LS: The style is in built I think. You can vary it slightly but it depends. If you are doing very closely licensed products, for children particularly, the companies are very hot on getting artists to follow a style guide. I know they did that on Transformers, but they did that much more for the United States artists. This is going back to the nineteen eighties and they had to work very closely to the style guides. Whereas the British Transformers, who frankly Hasbro probably didn’t take too much notice of, got away with murder. We did a lot of stuff which let Geoff Senior, Dan Reed, Andrew Wildman, Will Simpson and myself all put our own kind of style in the work and we could bend the Transformers around our style. I think that’s how we did it.

But other things, for example Robocop, that was just left up to me. It’s never really bothered me, as long as the thing was accurate I think, but that was in a different era. This goes back to a time before the internet or before anything was really available. My earliest reference on Robocop was a hundred millimetre tall white metal figure.
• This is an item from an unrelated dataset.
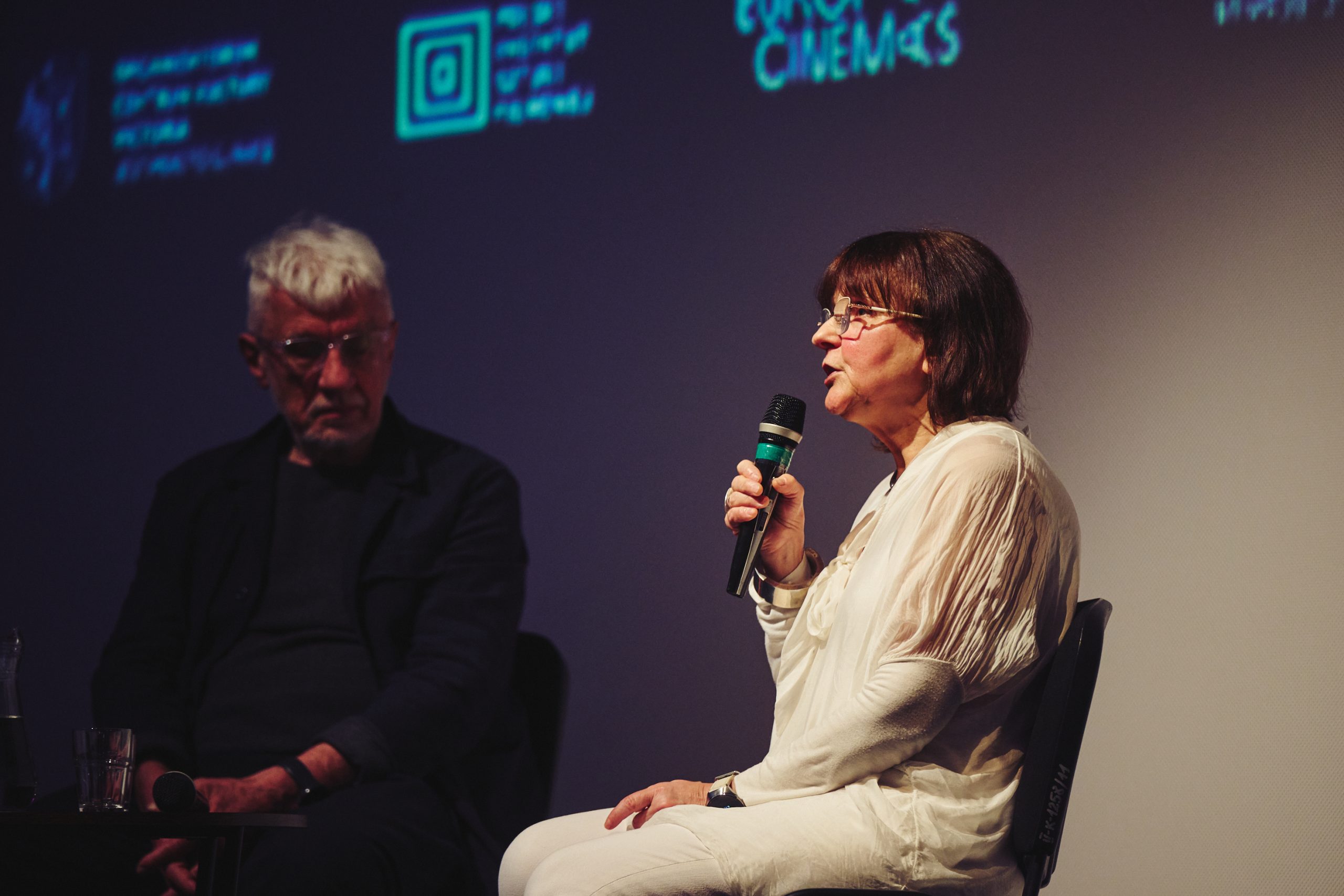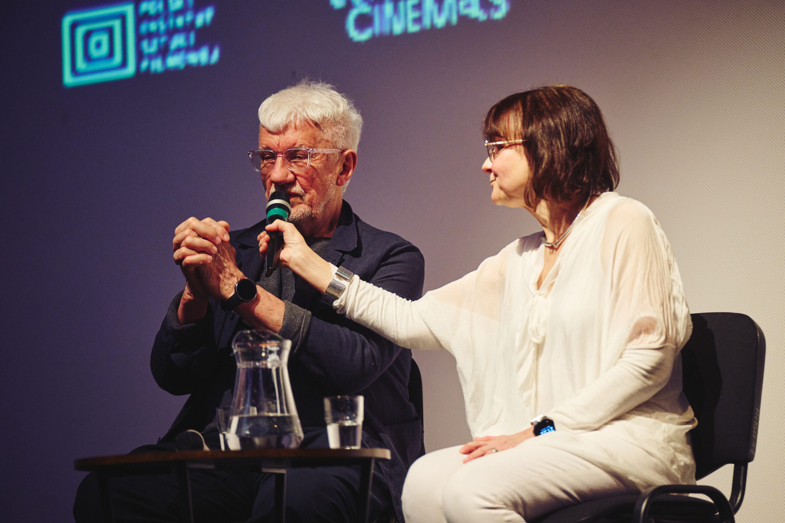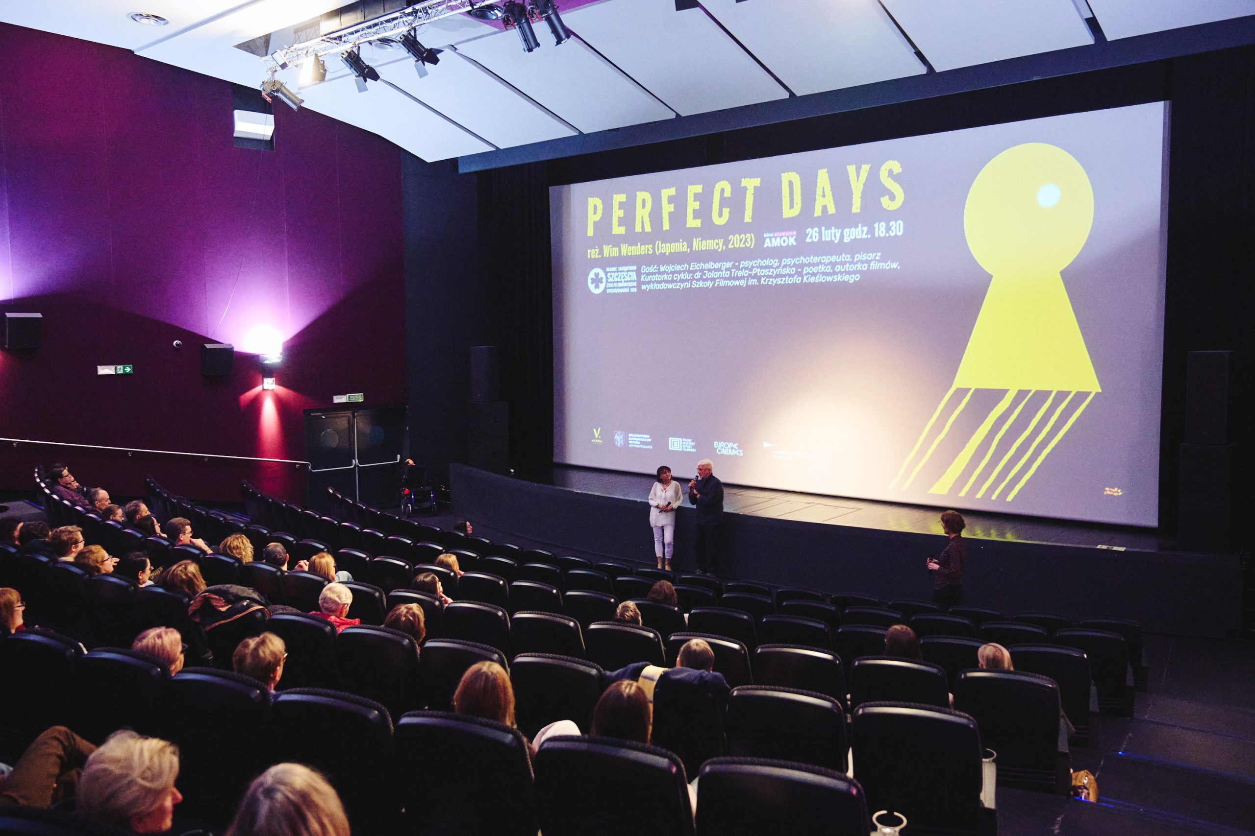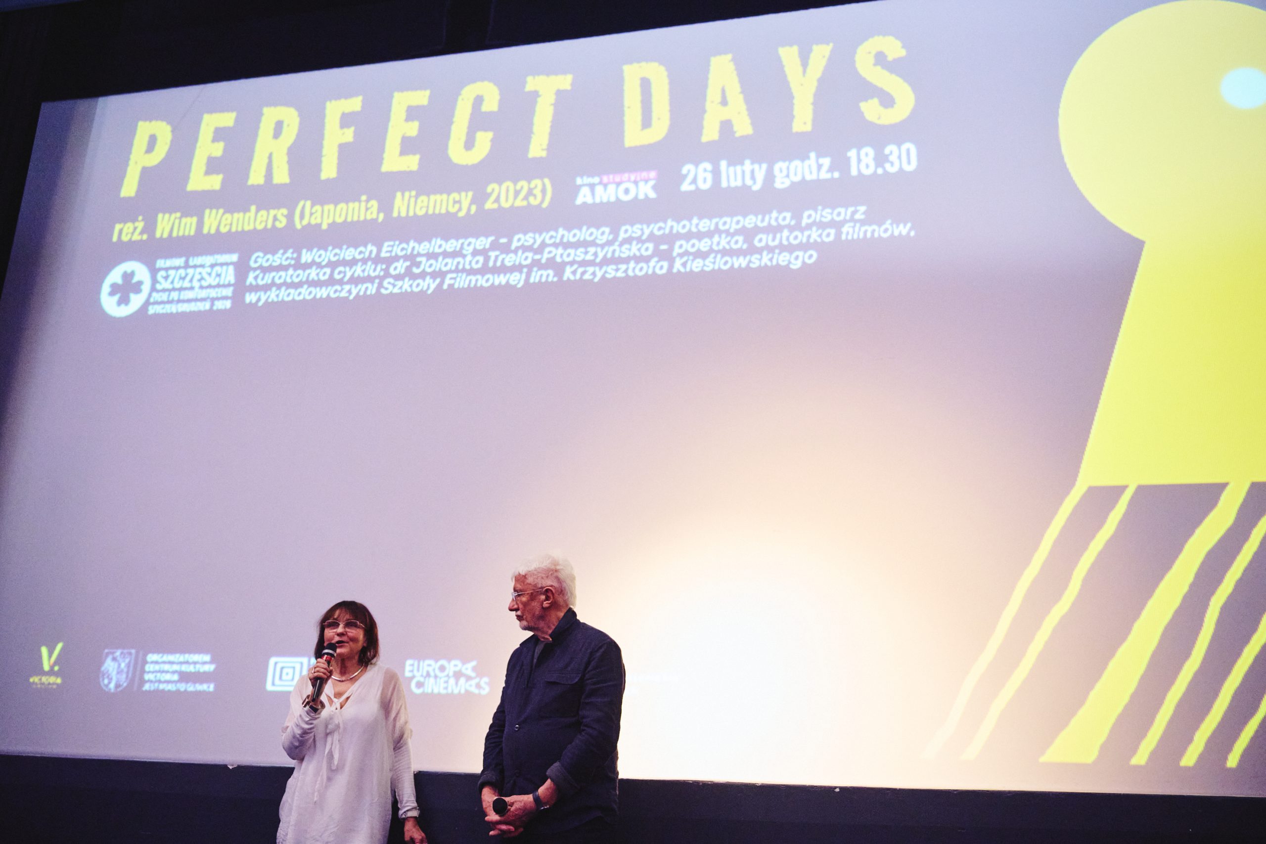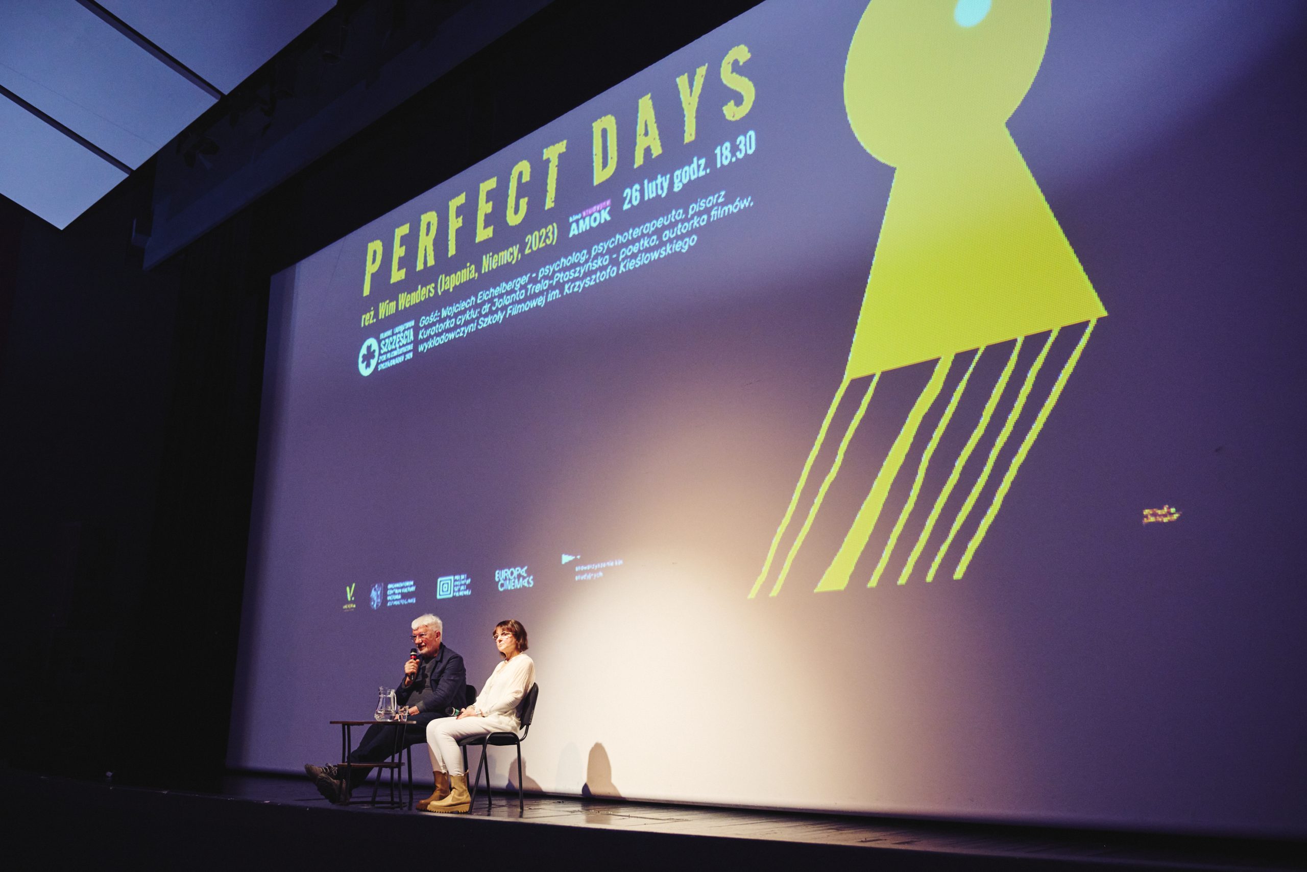 26 lutego 226 naszym gościem był Wojciech Eichelberger, z którym kuratorka cyklu Filmowe Laboratorium Szczęścia, Jola Trela-Ptaszyńska rozmawiała na temat "Zwyczajność jako praktyka szczęścia". Pretekstem do dyskusji był pokaz filmu PERFECT DAYS Wima Wendersa. Fot. Michał Buksa

It was the only thing I had which had the armour and all the little details on it. I used to sit there with a magnifying glass to find every detail. The style was left to me. In fact, I don’t think I have ever been told to work in a particular style, except perhaps on ‘The Amulet of Samarkand’, which is a graphic novel I did. That had to be a little different from my normal style because it needed to be a little cartoonier. But really, I’ve never had any trouble with that sort of thing.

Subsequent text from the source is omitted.